Material for this task -
•••••

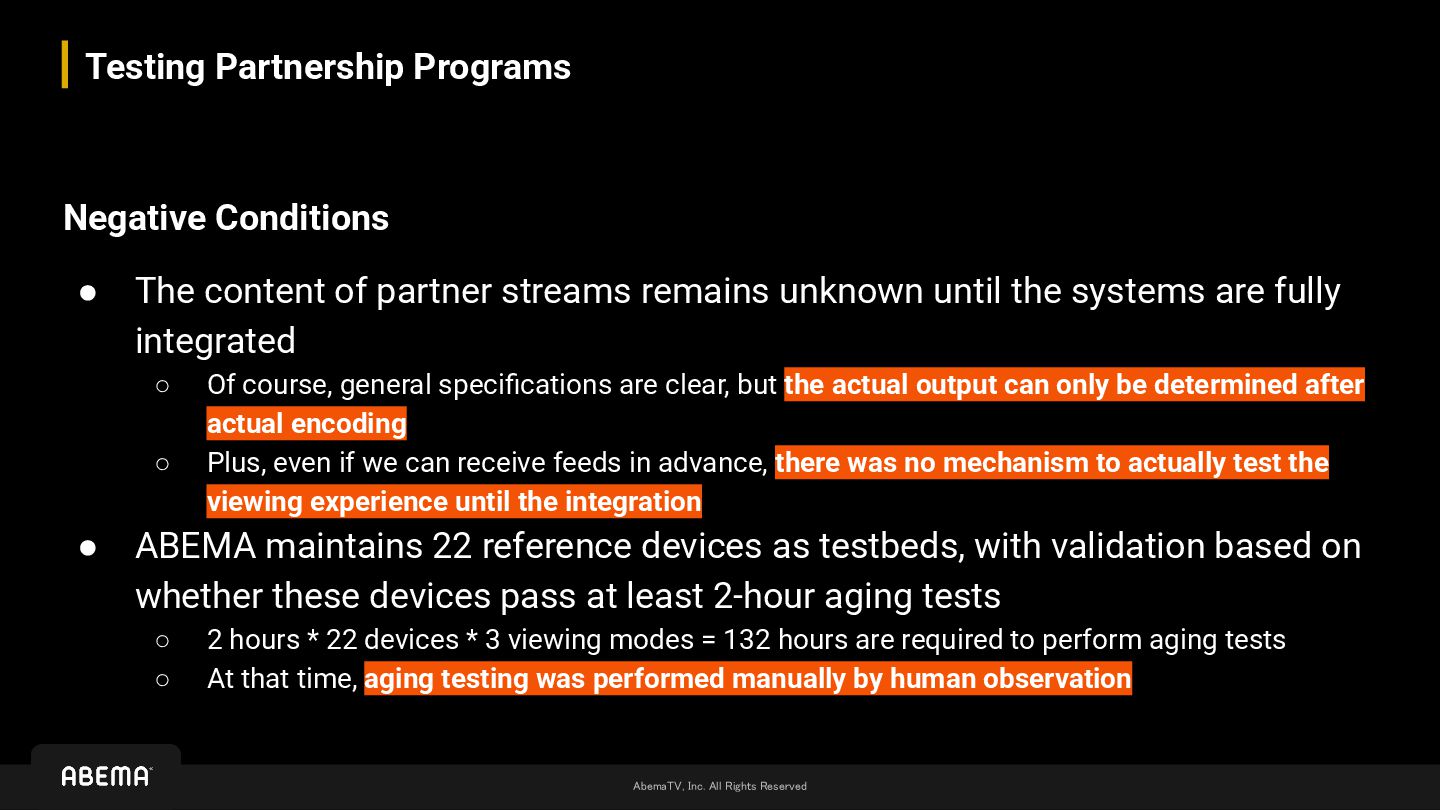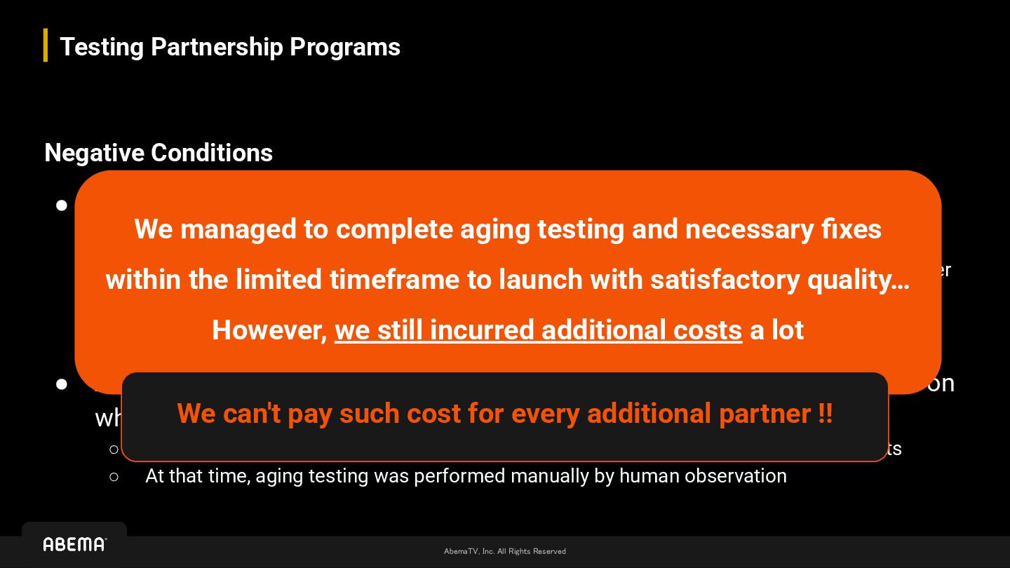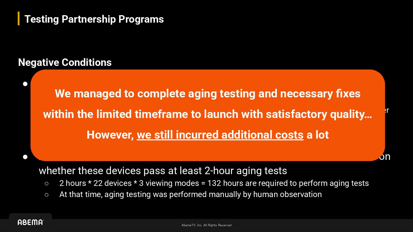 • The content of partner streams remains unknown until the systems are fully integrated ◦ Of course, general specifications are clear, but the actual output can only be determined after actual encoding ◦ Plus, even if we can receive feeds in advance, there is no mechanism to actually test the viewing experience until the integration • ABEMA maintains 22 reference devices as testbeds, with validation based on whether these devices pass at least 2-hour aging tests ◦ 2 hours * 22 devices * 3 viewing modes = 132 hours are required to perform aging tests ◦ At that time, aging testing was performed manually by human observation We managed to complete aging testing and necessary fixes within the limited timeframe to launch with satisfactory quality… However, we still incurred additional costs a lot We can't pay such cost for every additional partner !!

•••••

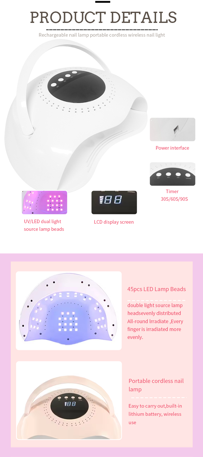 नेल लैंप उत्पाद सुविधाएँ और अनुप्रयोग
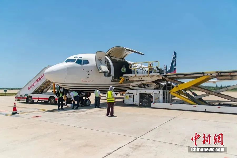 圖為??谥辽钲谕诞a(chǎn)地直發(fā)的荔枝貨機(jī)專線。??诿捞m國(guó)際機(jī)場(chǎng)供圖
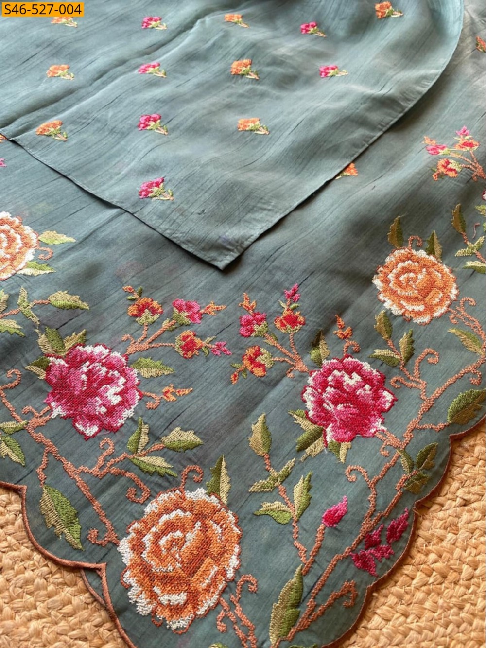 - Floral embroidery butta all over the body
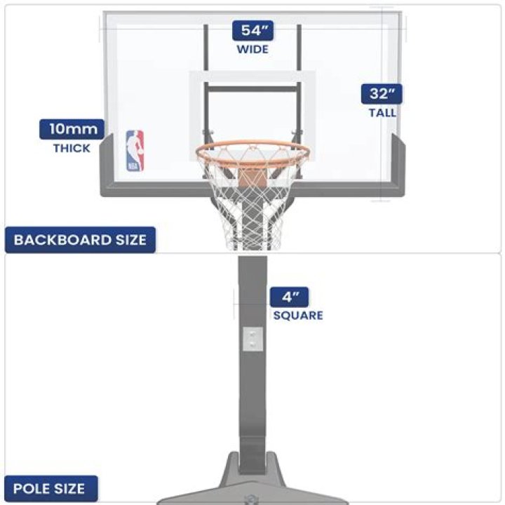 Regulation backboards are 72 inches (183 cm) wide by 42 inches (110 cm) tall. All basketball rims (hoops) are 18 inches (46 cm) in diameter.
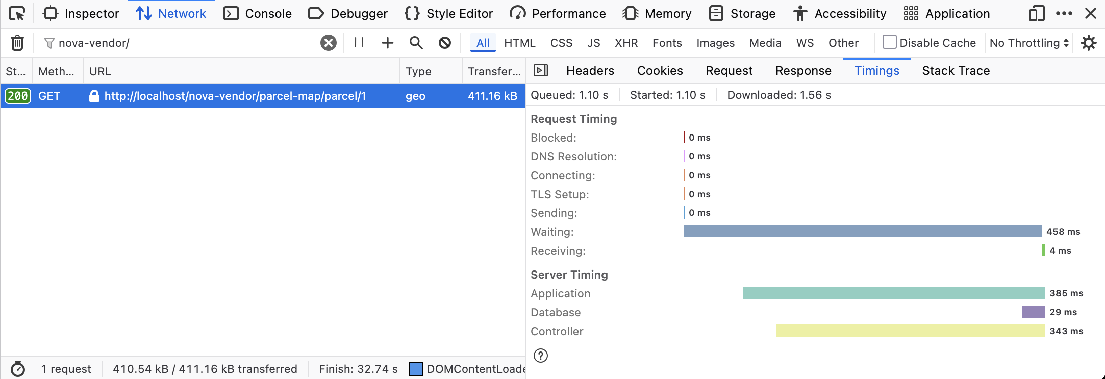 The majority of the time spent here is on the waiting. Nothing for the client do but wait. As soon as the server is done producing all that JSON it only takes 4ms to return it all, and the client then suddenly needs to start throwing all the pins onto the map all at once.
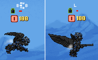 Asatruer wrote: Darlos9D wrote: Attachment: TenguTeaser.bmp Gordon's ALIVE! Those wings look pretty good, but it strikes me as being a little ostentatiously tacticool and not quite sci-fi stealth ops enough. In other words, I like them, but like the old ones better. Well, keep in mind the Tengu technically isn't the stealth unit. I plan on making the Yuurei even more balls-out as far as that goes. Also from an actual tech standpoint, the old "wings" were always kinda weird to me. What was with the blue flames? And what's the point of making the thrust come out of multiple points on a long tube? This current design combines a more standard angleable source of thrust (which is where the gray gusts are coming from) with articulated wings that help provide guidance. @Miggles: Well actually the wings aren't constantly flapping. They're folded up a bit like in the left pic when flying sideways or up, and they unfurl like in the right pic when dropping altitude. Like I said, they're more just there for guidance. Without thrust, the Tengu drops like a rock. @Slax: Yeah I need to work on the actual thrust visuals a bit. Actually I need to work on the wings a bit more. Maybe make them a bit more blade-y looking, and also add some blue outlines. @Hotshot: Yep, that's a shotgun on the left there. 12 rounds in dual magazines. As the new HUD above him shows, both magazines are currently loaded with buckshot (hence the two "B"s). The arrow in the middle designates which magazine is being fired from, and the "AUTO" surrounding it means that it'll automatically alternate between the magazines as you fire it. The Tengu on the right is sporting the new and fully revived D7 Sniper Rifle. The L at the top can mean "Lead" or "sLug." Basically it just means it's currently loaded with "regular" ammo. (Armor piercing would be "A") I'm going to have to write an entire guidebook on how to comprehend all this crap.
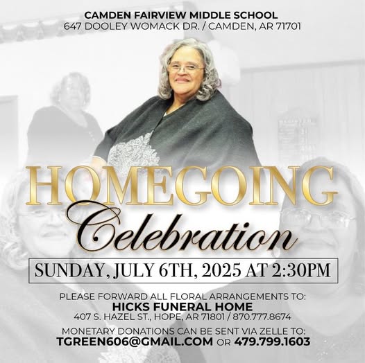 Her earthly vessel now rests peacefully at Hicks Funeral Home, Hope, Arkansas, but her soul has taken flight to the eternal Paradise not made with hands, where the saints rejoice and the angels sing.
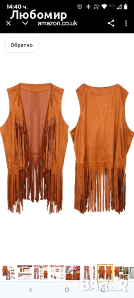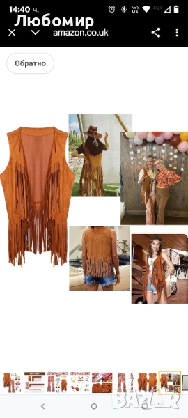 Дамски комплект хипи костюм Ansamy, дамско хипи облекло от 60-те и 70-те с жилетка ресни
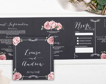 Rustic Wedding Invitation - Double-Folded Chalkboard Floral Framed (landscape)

•••••

Problem to solve -
What to print is the stretch of entries from the line with "- Floral embroidery butta all over the body" up to and including the line with "The majority of". Please print it exactly and leave out the pictures.

Output of the task -
 - Floral embroidery butta all over the body
 Regulation backboards are 72 inches (183 cm) wide by 42 inches (110 cm) tall. All basketball rims (hoops) are 18 inches (46 cm) in diameter.
 The majority of the time spent here is on the waiting. Nothing for the client do but wait. As soon as the server is done producing all that JSON it only takes 4ms to return it all, and the client then suddenly needs to start throwing all the pins onto the map all at once.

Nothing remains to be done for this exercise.